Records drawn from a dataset
▶

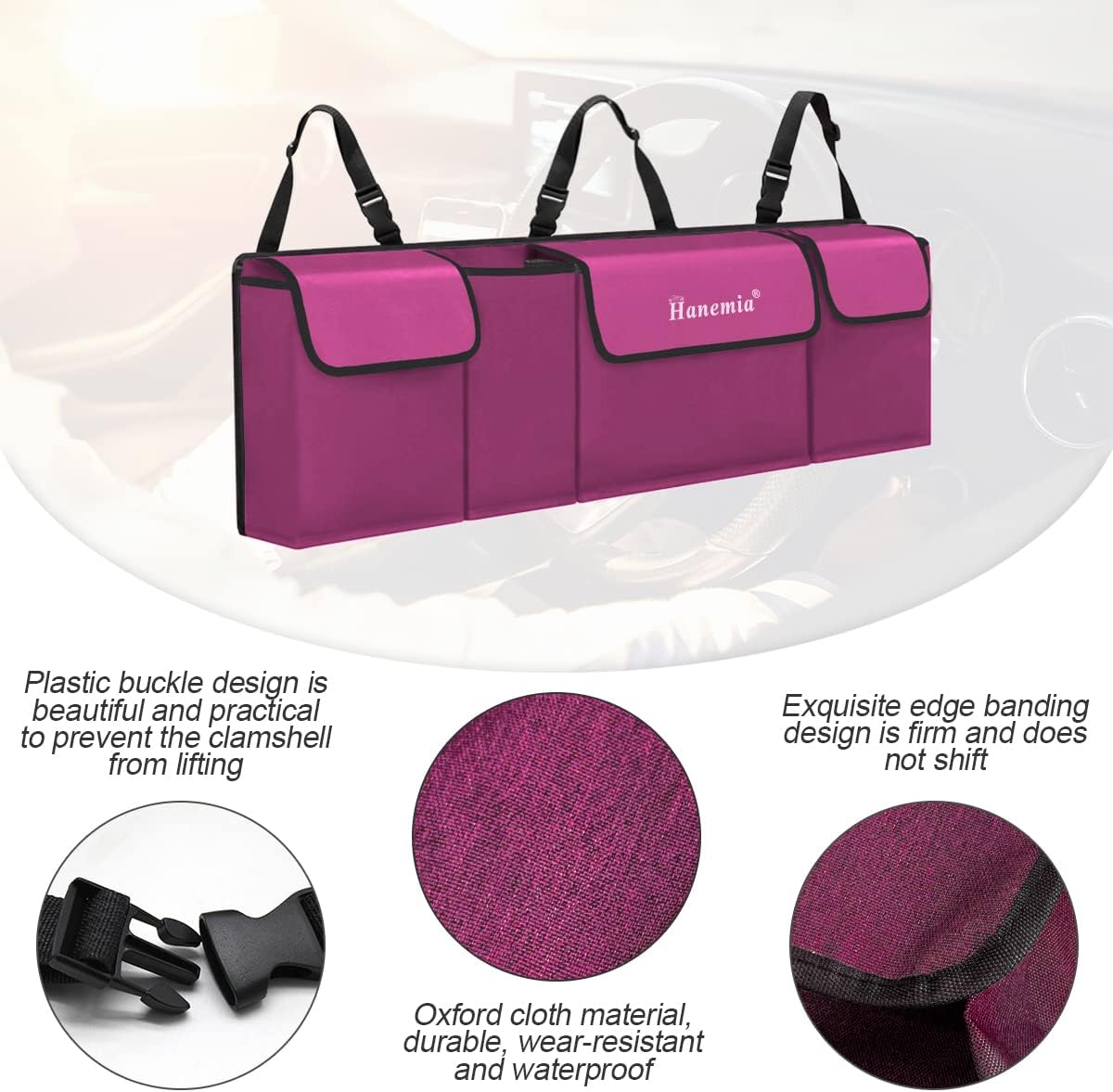 Hanemia Car Trunk Organizer, Backseat Hanging Storage with 4 Large Pockets, Collapsible Cargo Bag with Adjustable Straps Frees Trunk Floor, Sturdy Space Saving Expert for SUV, Truck, Van (Purple)
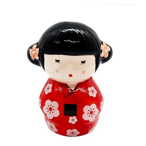 Enfeite decorativo de cerâmica no formato de boneca japonesa Kimono Kokeshi Estátua
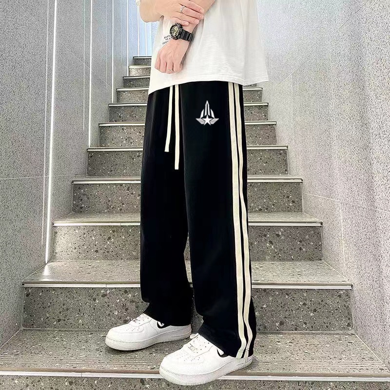 運動褲子男春秋季薄款美式潮流百搭直筒衛褲側邊條紋學生闊腿長褲
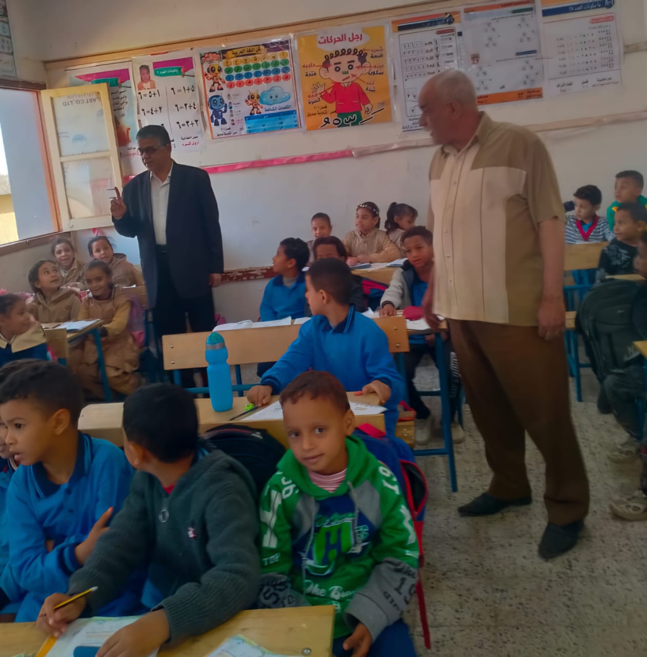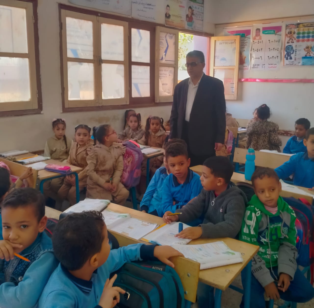 وخلال الجولة، تفقد وكيل الإدارة عددًا من الصفوف الدراسية، وتجاذب بالشرح مع التلاميذ، واستمع إلى آراء المعلمين حول تطبيق المناهج الجديدة وأساليب التدريس، مؤكدًا على أهمية توفير بيئة تعليمية محفزة وداعمة لتنمية مهارات الطلاب وتحقيق أفضل النتائج التعليمية.
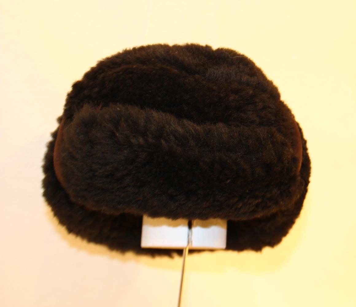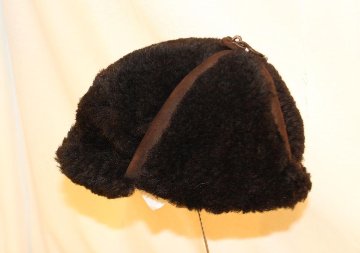 Húfan er skinnhúfa. Loðskinn snýr út með skyggni og eyrnaskjólum sem eru bundin upp.
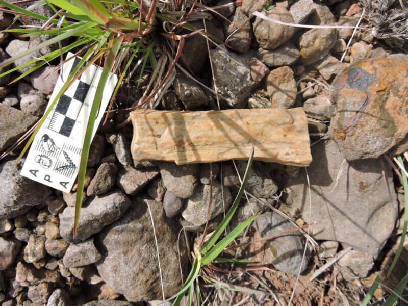 El material fue colectado a mediados de 2023 por el equipo del Cecoal, en el marco de un proyecto sobre la «Evolución Paleoambiental» liderado por Lionel Fernández Pacella. El técnico Pedro Cuaranta fue quien inicialmente advirtió que el elemento, encontrado entre los clastos a la orilla de un pequeño arroyo en la Formación Solari (ubicada entre Mercedes y Curuzú Cuatiá), era diferente al material circundante.
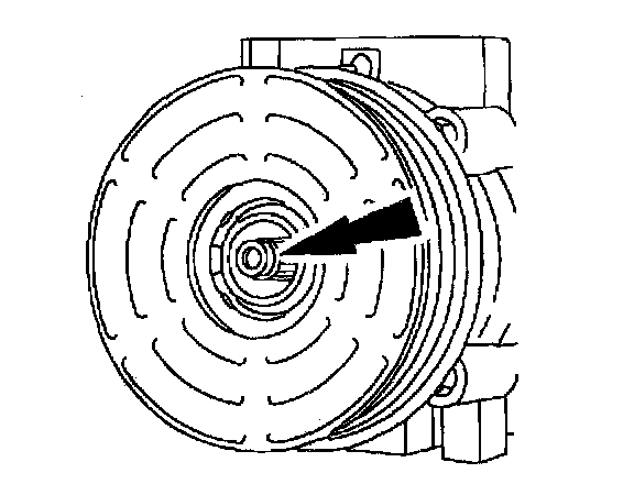 5. Measure and adjust the clutch air gap by removing or adding A/C clutch hub spacers.
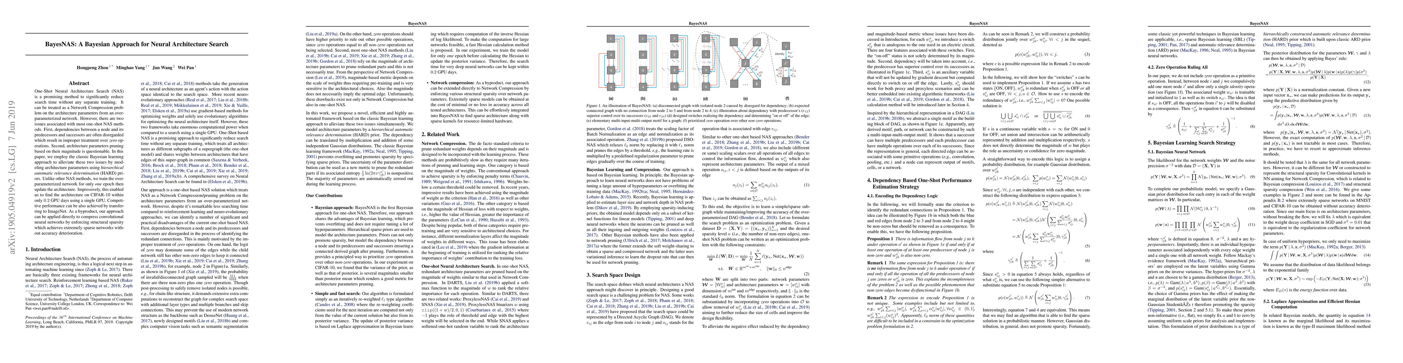 BayesNAS utilizes a Bayesian approach with hierarchical automatic relevance determination (HARD) priors to address dependencies in neural architecture search, significantly reducing search time and enabling competitive performance on CIFAR-10 and ImageNet with minimal GPU usage. The method also effectively compresses convolutional neural networks by enforcing structural sparsity.
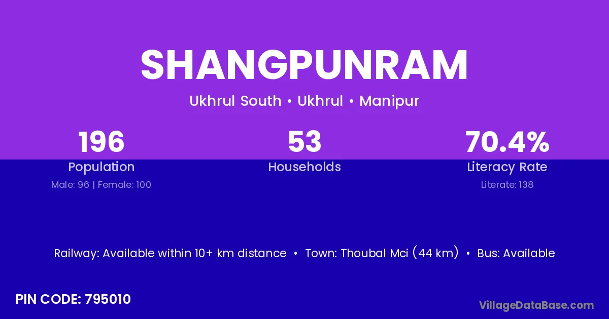 Thoubal Mci (44 km) is the nearest town to Shangpunram village for major economic activities and is located approximately 44 km away.
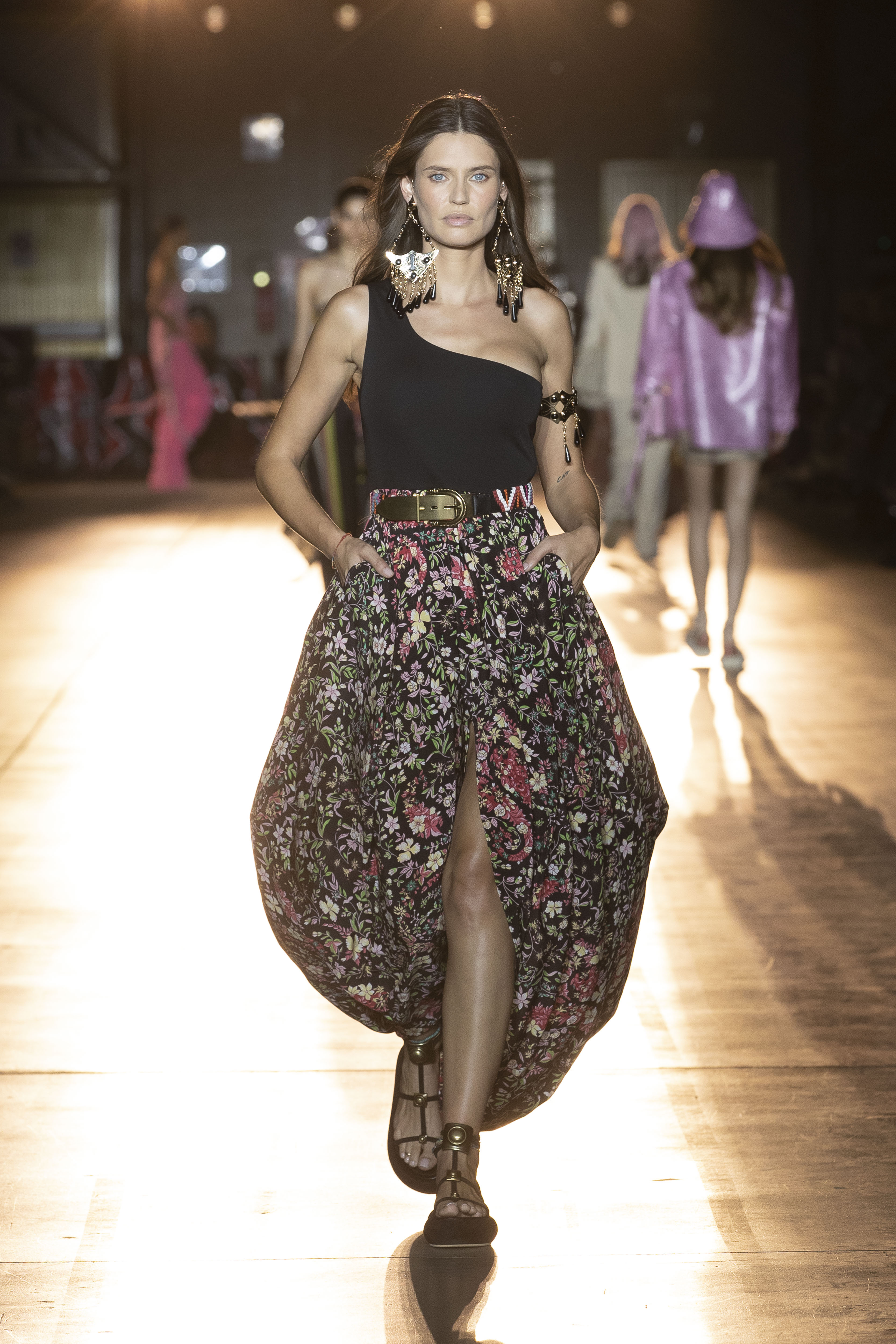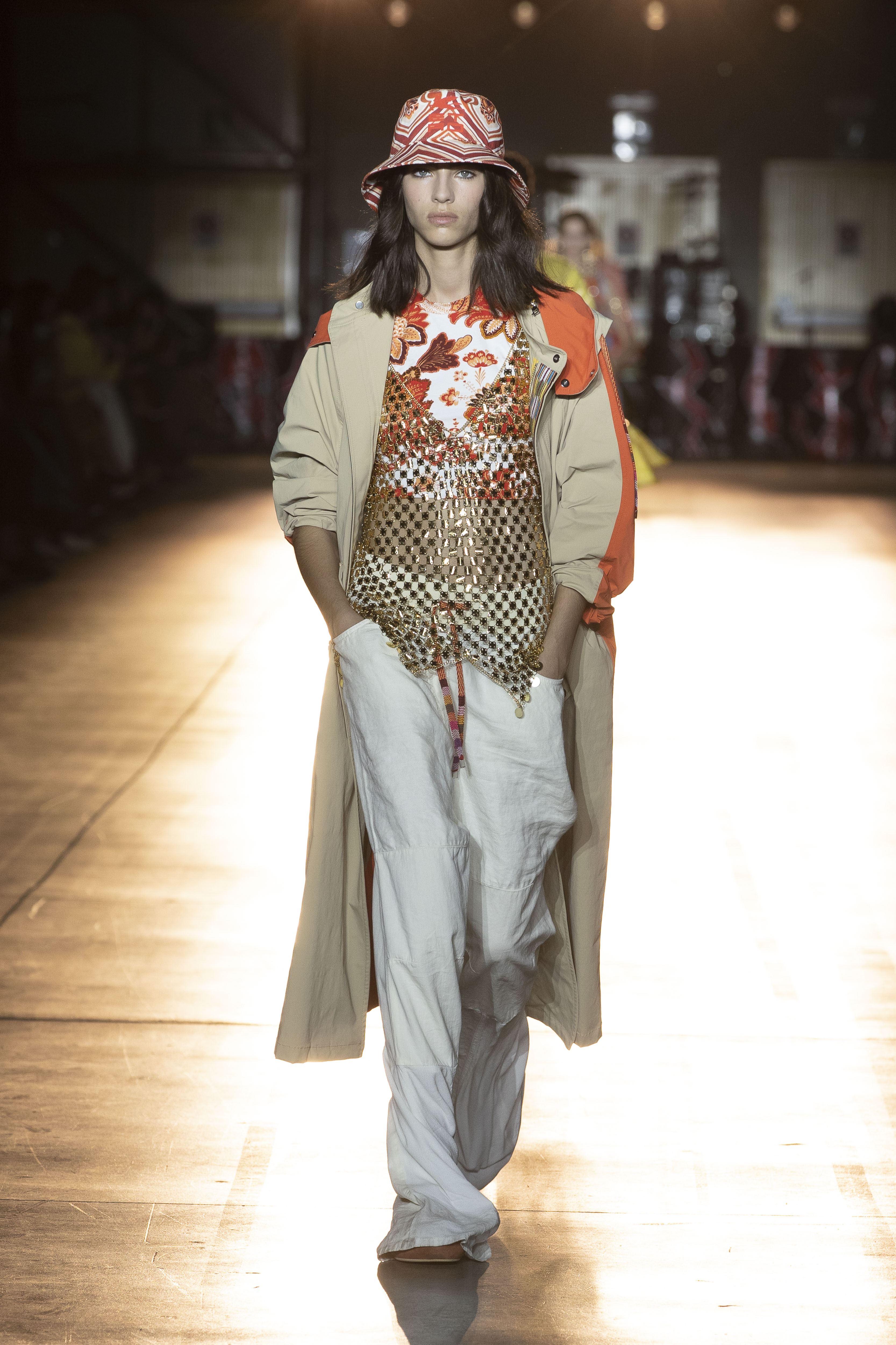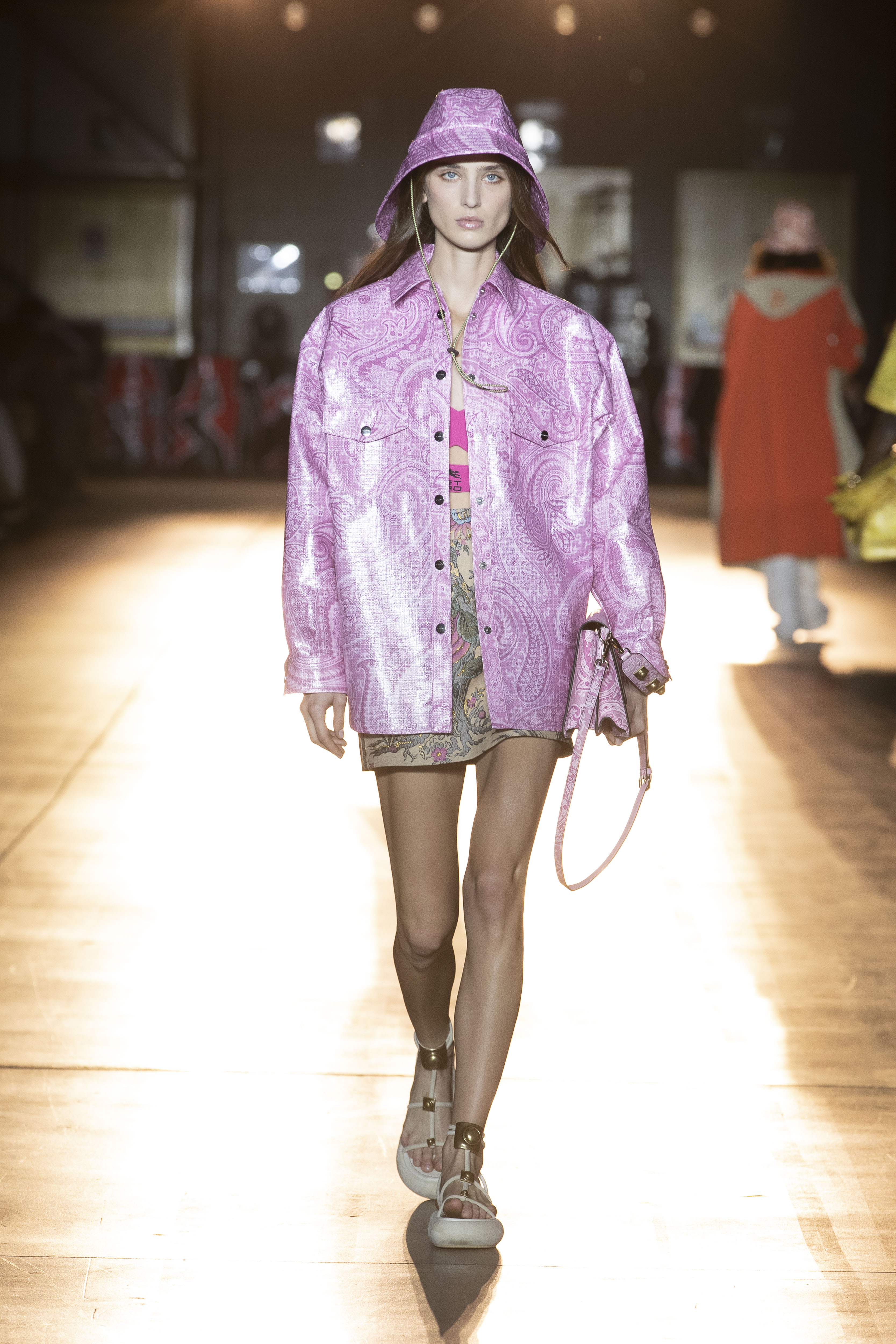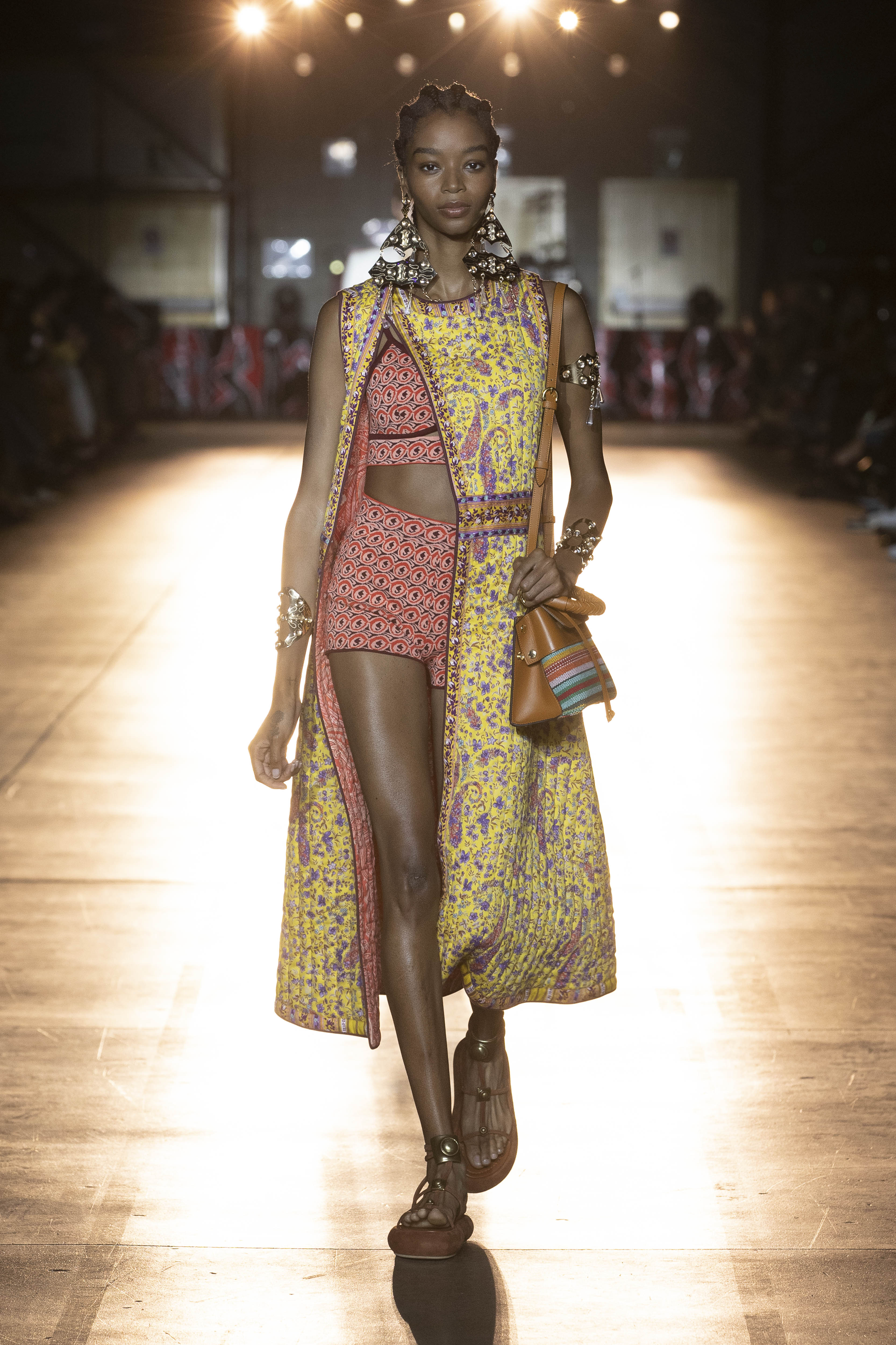 Engaging energy, contagious optimism and a rediscovered positivity characterize Etro’s SS22 show. The past becomes a source of inspiration, especially in the styles and fashions of the ’70s and’ 90s that blend by taking patterns and colors from one, shapes and style from the other. The iconic paisley becomes a spiritual mandala with a psychedelic flavor with references to sophisticated furnishing fabrics, this time mixing with new maxi prints such as multicolor daisies and material stripes. Orange, yellow and black are the protagonists of a palette that screams energy and audacity. The pants are super comfortable, the waist is low and formality is pushed aside. Etro, in fact, for the next SS22 wears its more gypsy soul with micro tops, bra crochet, stones, dress cutouts and oversized men’s shirts to be combined once with wide-leg trousers and another with leggings and knitted cyclists. To complete the look, sandals with wedges or heels with leather intertwining to be combined with tote and bucket bags in painted ray with Paisley motifs.

◀

PROBLEM REQUIREMENTS: Retype the data above exactly. Do not carry over any images.

REPLY TO THE EXERCISE:
 Hanemia Car Trunk Organizer, Backseat Hanging Storage with 4 Large Pockets, Collapsible Cargo Bag with Adjustable Straps Frees Trunk Floor, Sturdy Space Saving Expert for SUV, Truck, Van (Purple)
 Enfeite decorativo de cerâmica no formato de boneca japonesa Kimono Kokeshi Estátua
 運動褲子男春秋季薄款美式潮流百搭直筒衛褲側邊條紋學生闊腿長褲
 وخلال الجولة، تفقد وكيل الإدارة عددًا من الصفوف الدراسية، وتجاذب بالشرح مع التلاميذ، واستمع إلى آراء المعلمين حول تطبيق المناهج الجديدة وأساليب التدريس، مؤكدًا على أهمية توفير بيئة تعليمية محفزة وداعمة لتنمية مهارات الطلاب وتحقيق أفضل النتائج التعليمية.
 Húfan er skinnhúfa. Loðskinn snýr út með skyggni og eyrnaskjólum sem eru bundin upp.
 El material fue colectado a mediados de 2023 por el equipo del Cecoal, en el marco de un proyecto sobre la «Evolución Paleoambiental» liderado por Lionel Fernández Pacella. El técnico Pedro Cuaranta fue quien inicialmente advirtió que el elemento, encontrado entre los clastos a la orilla de un pequeño arroyo en la Formación Solari (ubicada entre Mercedes y Curuzú Cuatiá), era diferente al material circundante.
 5. Measure and adjust the clutch air gap by removing or adding A/C clutch hub spacers.
 BayesNAS utilizes a Bayesian approach with hierarchical automatic relevance determination (HARD) priors to address dependencies in neural architecture search, significantly reducing search time and enabling competitive performance on CIFAR-10 and ImageNet with minimal GPU usage. The method also effectively compresses convolutional neural networks by enforcing structural sparsity.
 Thoubal Mci (44 km) is the nearest town to Shangpunram village for major economic activities and is located approximately 44 km away.
 Engaging energy, contagious optimism and a rediscovered positivity characterize Etro’s SS22 show. The past becomes a source of inspiration, especially in the styles and fashions of the ’70s and’ 90s that blend by taking patterns and colors from one, shapes and style from the other. The iconic paisley becomes a spiritual mandala with a psychedelic flavor with references to sophisticated furnishing fabrics, this time mixing with new maxi prints such as multicolor daisies and material stripes. Orange, yellow and black are the protagonists of a palette that screams energy and audacity. The pants are super comfortable, the waist is low and formality is pushed aside. Etro, in fact, for the next SS22 wears its more gypsy soul with micro tops, bra crochet, stones, dress cutouts and oversized men’s shirts to be combined once with wide-leg trousers and another with leggings and knitted cyclists. To complete the look, sandals with wedges or heels with leather intertwining to be combined with tote and bucket bags in painted ray with Paisley motifs.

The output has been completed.